Patients’ medical conditions and prescription histories are in general irregularly spaced, reflecting variability in patient care appointment dates, with updates to outpatient EHR occurring before and after clinical visits. We organized the data into Monday-to-Sunday weeks and quantized the data to a single value per week, using the average in the case of multiple measurements and treating weeks with no values as having missing values []. This approach allowed the ML model to treat irregularly spaced data spanning Y (a natural number) years as regularly spaced data consisting of (Y×365)⁄7 (rounded up to the nearest integer) values, that is we treated all data as weekly data. We did not perform preprocessing, including interpolation, on missing values in the regularly spaced data. No normalization, outlier removal, or dimensionality reduction was performed.

We designed a transformer-based encoder-decoder model () that takes as input a time series of drugs prescribed and laboratory tests over the past 1 year, sex, and age. The model approaches drug selection as a multichoice task. With N types of drugs, there are 2^N potential prescription combinations. By setting the number of units in the output layer of the transformer decoder to N, we implemented N binary classifications. The model outputs a set of scores representing the probability of each drug being prescribed on that day and, for each drug and day, a binary prescription decision based on whether the prescription probability is greater than or equal to 0.5.

Figure 2. Architecture of the transformer-based encoder-decoder model for predicting the next-prescribed diabetes medications. EHRs: electronic health records.

We treated age and HbA1c values as numerical data, sex as a categorical label, and prescription history as a set of categorical labels. In addition, a time series representing the presence or absence of missing data, called an attention mask, was simultaneously generated. Each data type was transformed into a uniform-dimensional vector using an embedding layer specific to that data type, which was then handled by the transformer model. Time information was converted to a uniform-dimensional vector using a positional embedding layer with a periodic function and added to the output value of the embedding layers.

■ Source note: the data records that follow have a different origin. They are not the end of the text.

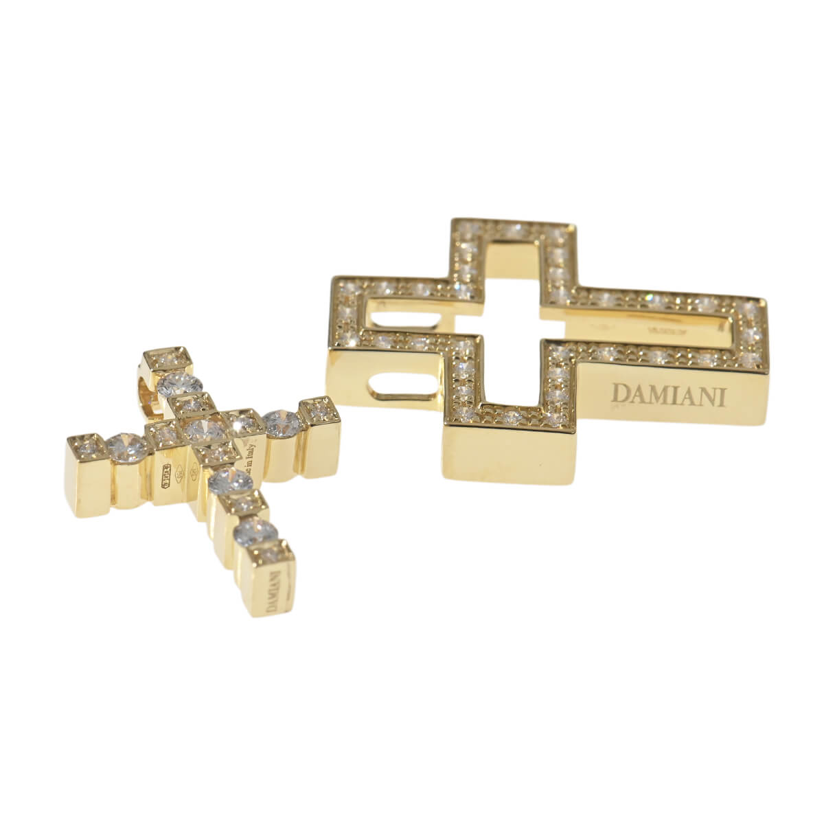 「ベル・エポック(仏語でよき時代の意)」は、19世紀末〜20世紀初頭のパリをはじめとする華やかなヨーロッパ時代を背景に、その当時に開発された映画フィルムにインスピレーションを受けてデザインされた『DAMIANI(ダミアーニ)』のアイコンコレクション。1996年の誕生以来、ダミアーニの屈指の名品と称えられ、スタイリッシュなデザインジュエリーとして大人の女性をはじめ男性にも熱愛されるコレクションです。3WAYで使用可能にリモデルされた定番ベルエポック、スモールサイズのイエローゴールド製ペンダント。内側で煌めくクロスと外側を囲むクロス、それぞれのクロスを単品でつけたり、組み合わせてゴージャスにつけたり、つけ方で華やかさや印象を自由にコーディネートできるクロスペンダントは、どんなスタイリングにも、デイリーにも、ジェンダーレスにマッチして、身につける人の魅力を惹きたてながら、一層美しく煌めきます。
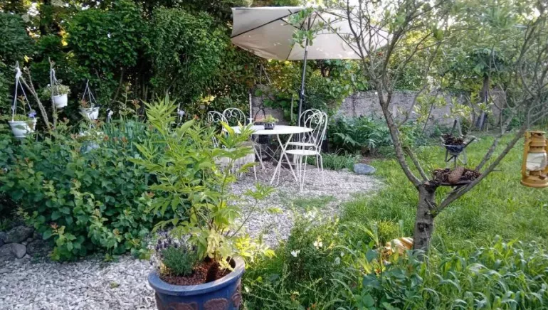 Le jardin clôturé, très vert et ombragé, vous offrira de merveilleux moments de détente avec son coin repas et ses transats.
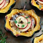 Yes — I often cook the squash halves and the apple filling ahead. Then when ready to serve, I assemble them and finish baking so it’s hot and fresh.
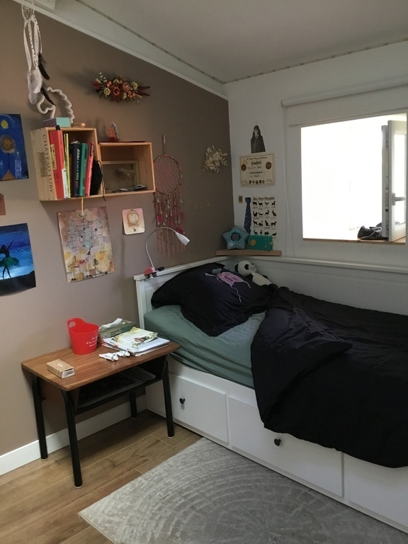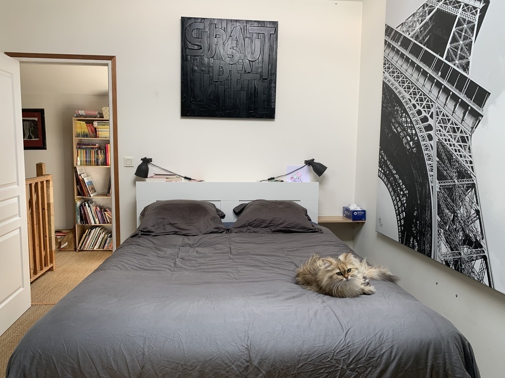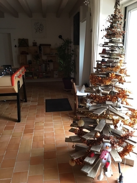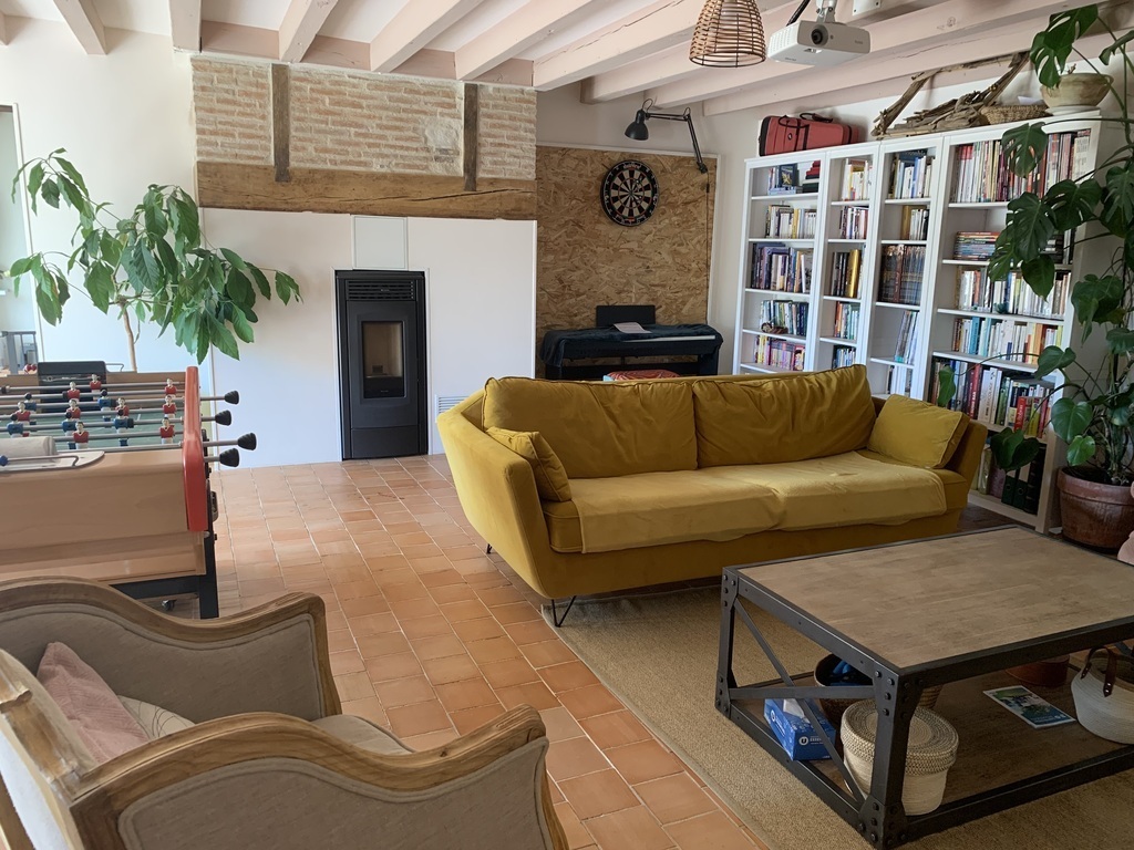 The ground floor is fully opened, with a southern exposure and large bay-windows. The wide living-room contains a fireplace that we use to heat the house during winter, a library, a video corner with a video-projector, a piano, a game of darts and a table football. The access to the kitchen aera is opened too. We have a sofa-bed that can be use occasionally.

The model incorporates two types of attention layers: self-attention in the encoder, designed to extract relationships in time and meaning from the time series of drugs prescribed and laboratory tests, and cross-attention in the decoder, used to predict the next prescribed drugs based on these relationships. Times in the time series that contain missing data are ignored in the self-attention and mutual attention calculation process using the attention mask. This makes it easy to handle without additional processing for missing data completion. The self-attention weights were optimized through self-supervised learning. This involves the task of predicting both the next laboratory test values and drugs prescribed using a time series of past laboratory tests and drugs prescribed. The cross-attention weights were optimized through supervised learning involving the task of predicting a set of scores representing the probability of each drug being prescribed on that day.

The model consisted of four transformer-encoder layers including four multihead self-attention blocks and four transformer-decoder layers including four multihead cross-attention blocks, along with a hidden layer of dimension 256. Compared to the text data handled by the language model, the prescription drug selection data has a smaller vocabulary (number of drug types) and a shorter time series, so these hyperparameters were set to about one-third the size of the BERT model []. The parameters were optimized by Adam with a learning rate of 1e-4, a batch size of 256, and 100 epochs. The loss functions for numerical and categorical data were mean squared error and focal loss [], respectively. All implementations were written in Python 3.11 (Python Software Foundation) and PyTorch 2.2 (Meta AI).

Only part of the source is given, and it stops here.